INSTRUCTIONS TO FOLLOW
From the first line of the listing below, retype each line up to and including the one with "อีกหนึ่งของเล่นสุดฮิตในยุคนั้น ลักษณะจะเป็นเจลใสๆ เหนียวๆ"; pictures stay out.

SUPPLIED MATERIAL
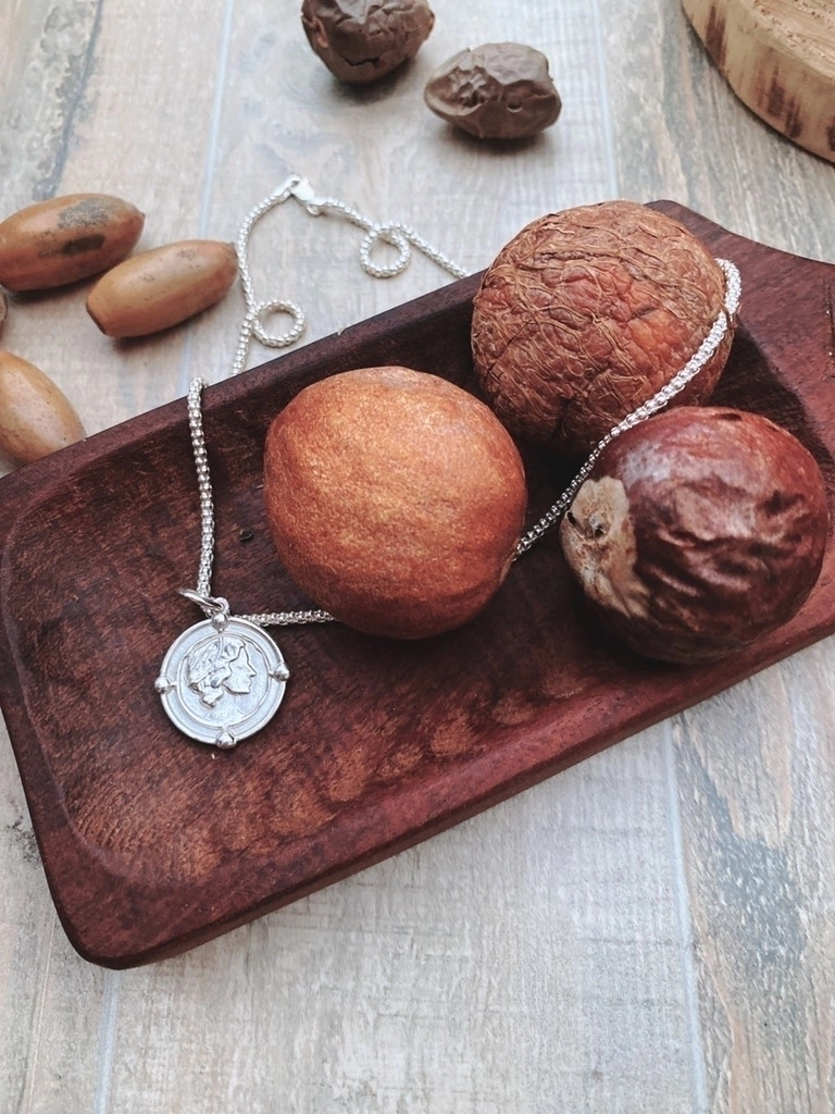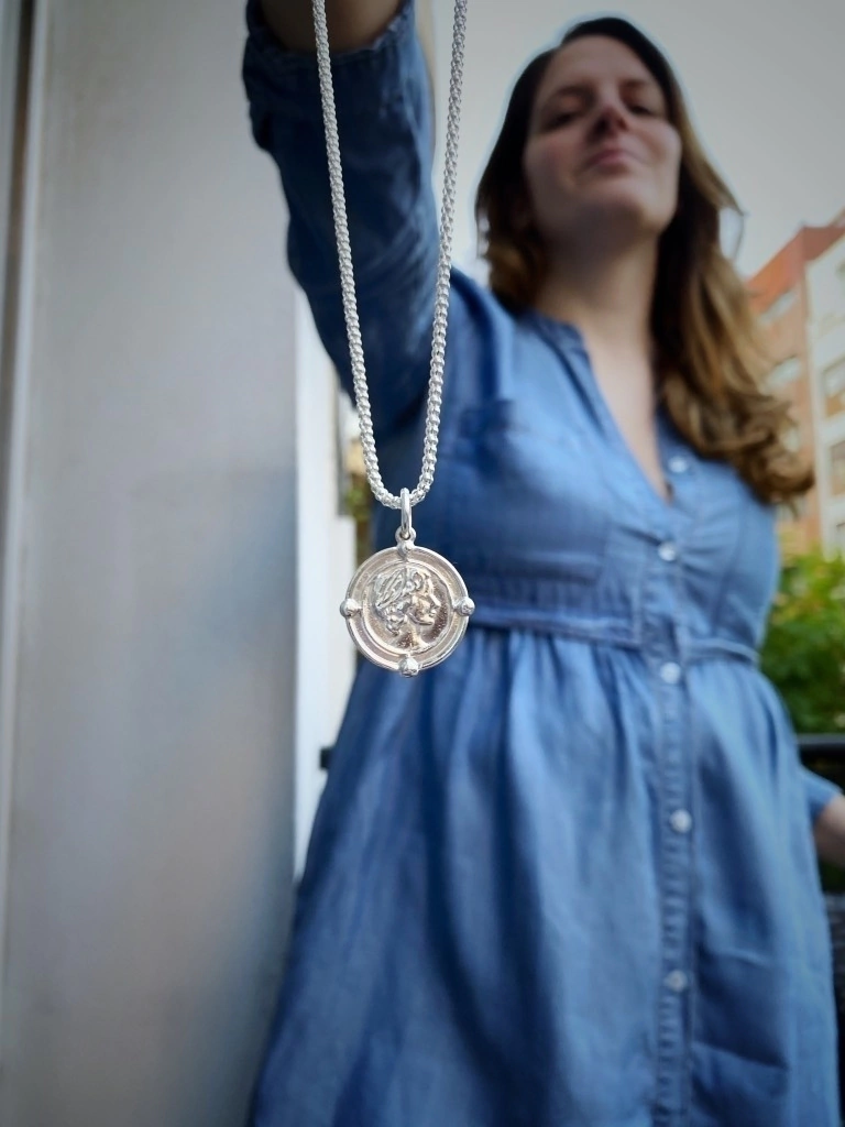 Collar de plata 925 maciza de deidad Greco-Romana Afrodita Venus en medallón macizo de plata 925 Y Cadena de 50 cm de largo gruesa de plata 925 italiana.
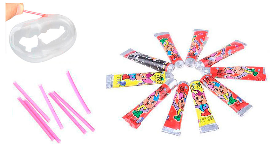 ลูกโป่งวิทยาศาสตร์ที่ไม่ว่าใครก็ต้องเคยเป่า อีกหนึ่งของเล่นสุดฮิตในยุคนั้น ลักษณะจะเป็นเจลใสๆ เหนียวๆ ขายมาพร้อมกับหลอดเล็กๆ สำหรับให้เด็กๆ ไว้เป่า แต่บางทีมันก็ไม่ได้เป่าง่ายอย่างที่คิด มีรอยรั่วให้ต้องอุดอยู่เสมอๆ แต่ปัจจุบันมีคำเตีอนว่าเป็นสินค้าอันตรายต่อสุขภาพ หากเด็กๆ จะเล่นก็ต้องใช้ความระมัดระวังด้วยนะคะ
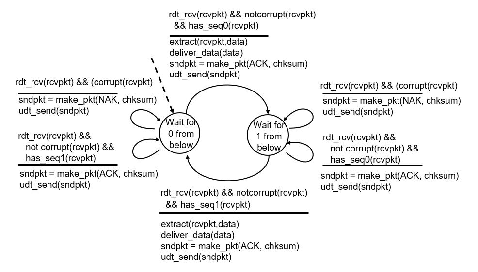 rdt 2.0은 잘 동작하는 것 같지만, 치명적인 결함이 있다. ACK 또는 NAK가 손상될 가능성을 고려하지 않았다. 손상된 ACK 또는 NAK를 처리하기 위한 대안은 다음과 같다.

ANSWER SPACE
 Collar de plata 925 maciza de deidad Greco-Romana Afrodita Venus en medallón macizo de plata 925 Y Cadena de 50 cm de largo gruesa de plata 925 italiana.
 ลูกโป่งวิทยาศาสตร์ที่ไม่ว่าใครก็ต้องเคยเป่า อีกหนึ่งของเล่นสุดฮิตในยุคนั้น ลักษณะจะเป็นเจลใสๆ เหนียวๆ ขายมาพร้อมกับหลอดเล็กๆ สำหรับให้เด็กๆ ไว้เป่า แต่บางทีมันก็ไม่ได้เป่าง่ายอย่างที่คิด มีรอยรั่วให้ต้องอุดอยู่เสมอๆ แต่ปัจจุบันมีคำเตีอนว่าเป็นสินค้าอันตรายต่อสุขภาพ หากเด็กๆ จะเล่นก็ต้องใช้ความระมัดระวังด้วยนะคะ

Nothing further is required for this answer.